Images are to be excluded, and the rest of the data repeated exactly.

**Recorded information:**
╔══

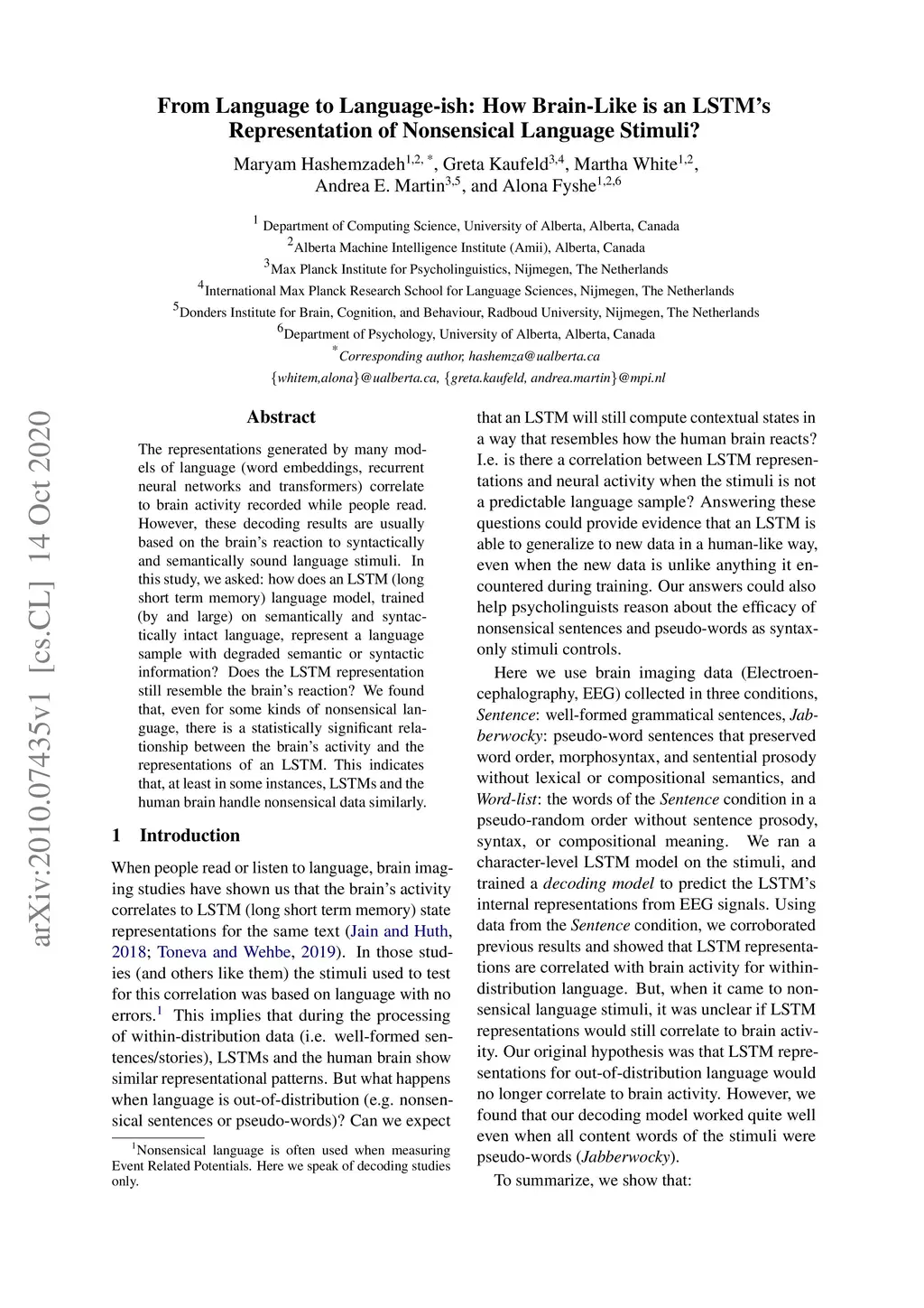 The representations generated by many models of language (word embeddings, recurrent neural networks and transformers) correlate to brain activity recorded while people read. However, these decoding results are usually based on the brain's reaction to syntactically and semantically sound language stimuli. In this study, we asked: how does an LSTM (long short term memory) language model, trained (by and large) on semantically and syntactically intact language, represent a language sample with degraded semantic or syntactic information? Does the LSTM representation still resemble the brain's reaction? We found that, even for some kinds of nonsensical language, there is a statistically significant relationship between the brain's activity and the representations of an LSTM. This indicates that, at least in some instances, LSTMs and the human brain handle nonsensical data similarly.
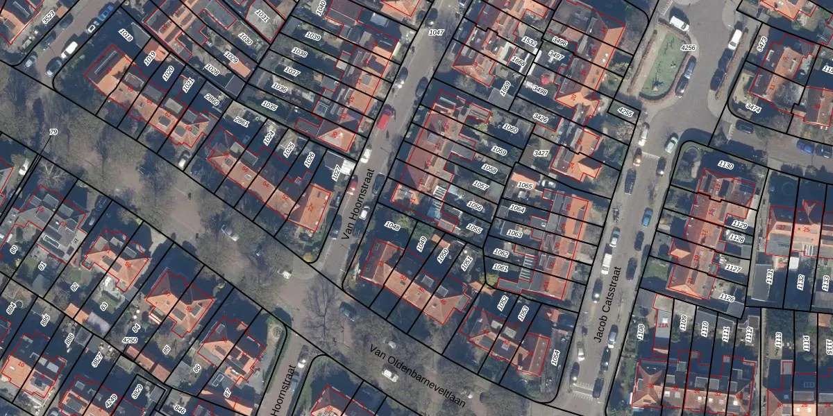 Van Hoornstraat 21 is gelegen op kadastraal perceel HVS00M1055. Deze kadastrale aanduiding is uniek en wordt gebruikt door het Kadaster om eigendomsrechten en andere zakelijke rechten vast te leggen. Het perceel maakt onderdeel uit van de kadastrale gemeente Hilversum.
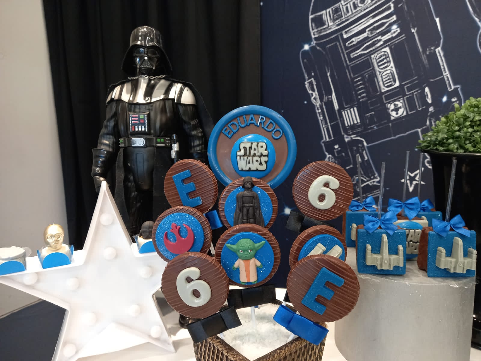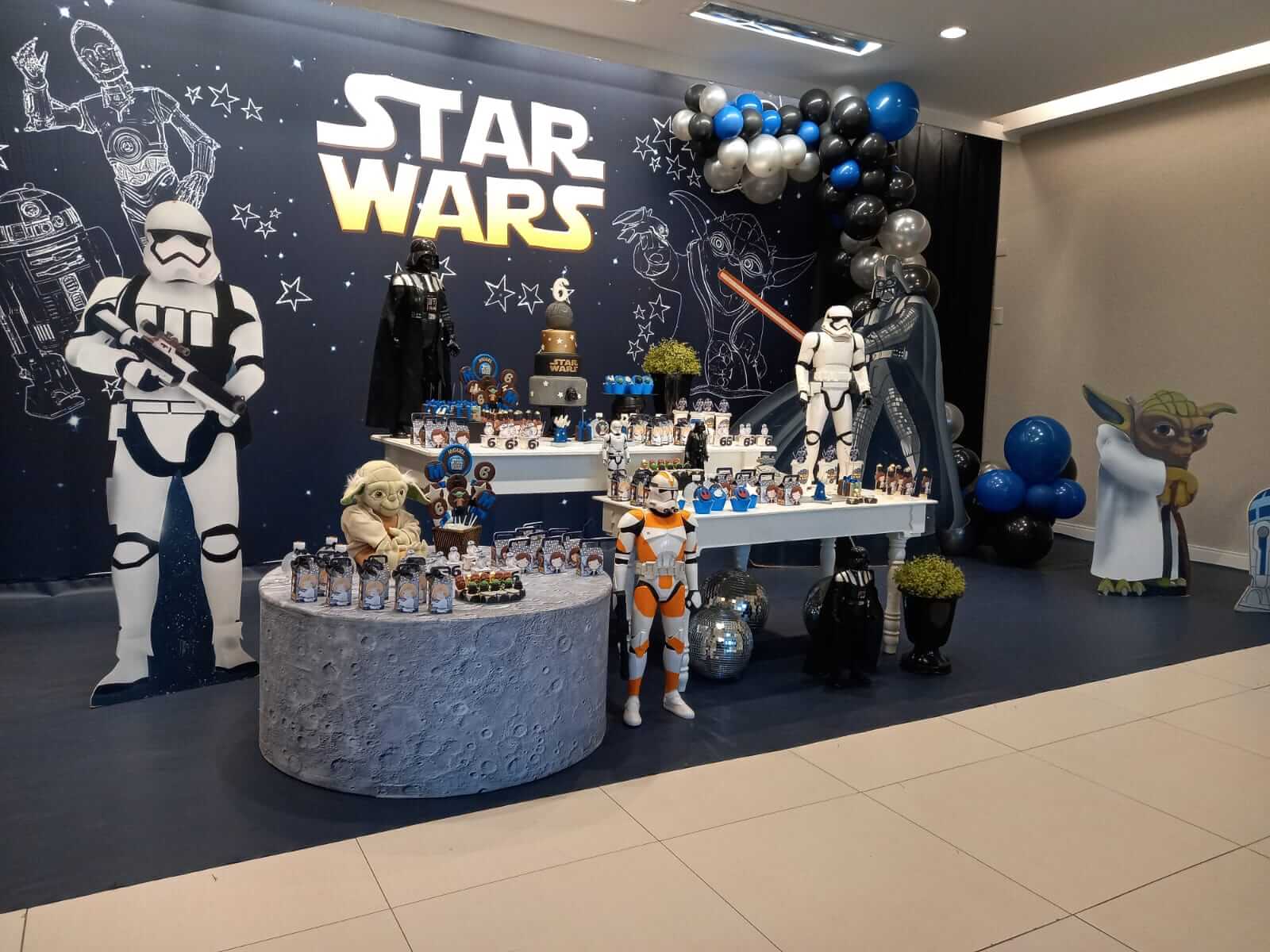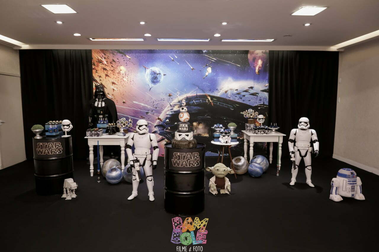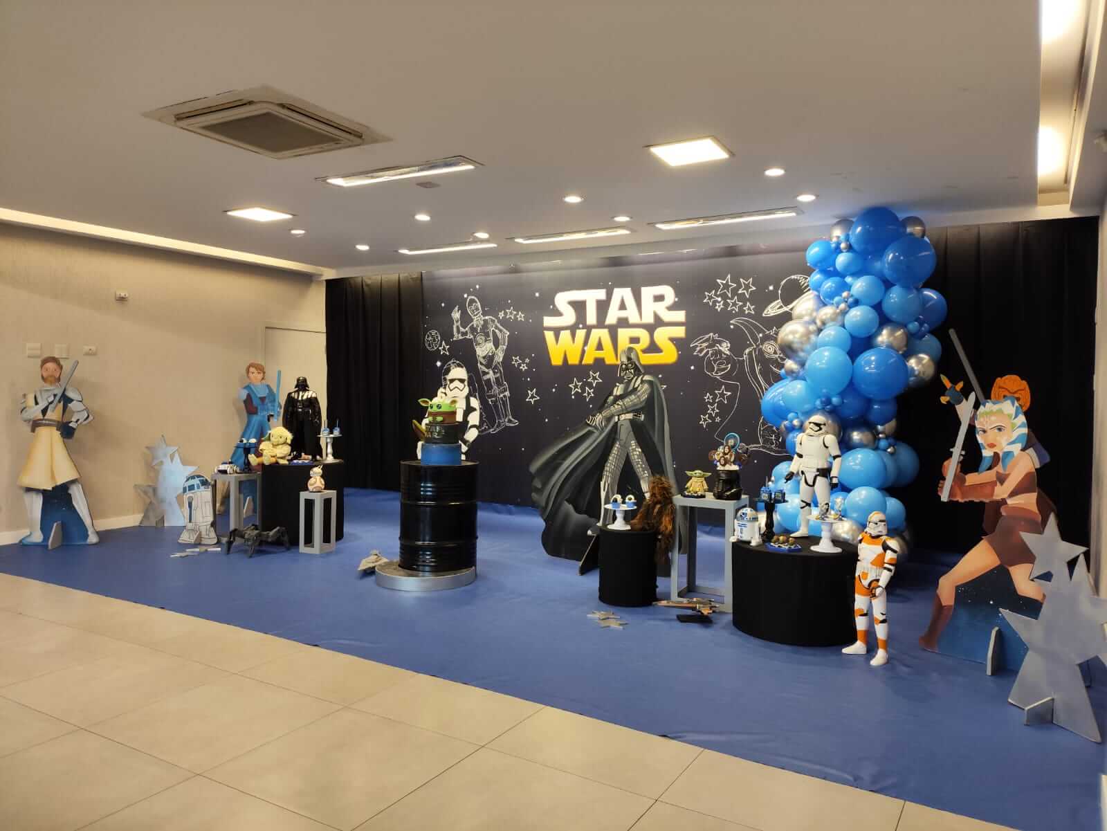 O tema Star Wars transforma a festa em uma verdadeira galáxia cheia de aventuras e efeitos impressionantes. Com cenário espacial, naves, planetas e os icônicos personagens da saga, cada detalhe convida os convidados a embarcar nessa jornada pelo universo.

╚══

**Output for this exercise:**
 The representations generated by many models of language (word embeddings, recurrent neural networks and transformers) correlate to brain activity recorded while people read. However, these decoding results are usually based on the brain's reaction to syntactically and semantically sound language stimuli. In this study, we asked: how does an LSTM (long short term memory) language model, trained (by and large) on semantically and syntactically intact language, represent a language sample with degraded semantic or syntactic information? Does the LSTM representation still resemble the brain's reaction? We found that, even for some kinds of nonsensical language, there is a statistically significant relationship between the brain's activity and the representations of an LSTM. This indicates that, at least in some instances, LSTMs and the human brain handle nonsensical data similarly.
 Van Hoornstraat 21 is gelegen op kadastraal perceel HVS00M1055. Deze kadastrale aanduiding is uniek en wordt gebruikt door het Kadaster om eigendomsrechten en andere zakelijke rechten vast te leggen. Het perceel maakt onderdeel uit van de kadastrale gemeente Hilversum.
 O tema Star Wars transforma a festa em uma verdadeira galáxia cheia de aventuras e efeitos impressionantes. Com cenário espacial, naves, planetas e os icônicos personagens da saga, cada detalhe convida os convidados a embarcar nessa jornada pelo universo.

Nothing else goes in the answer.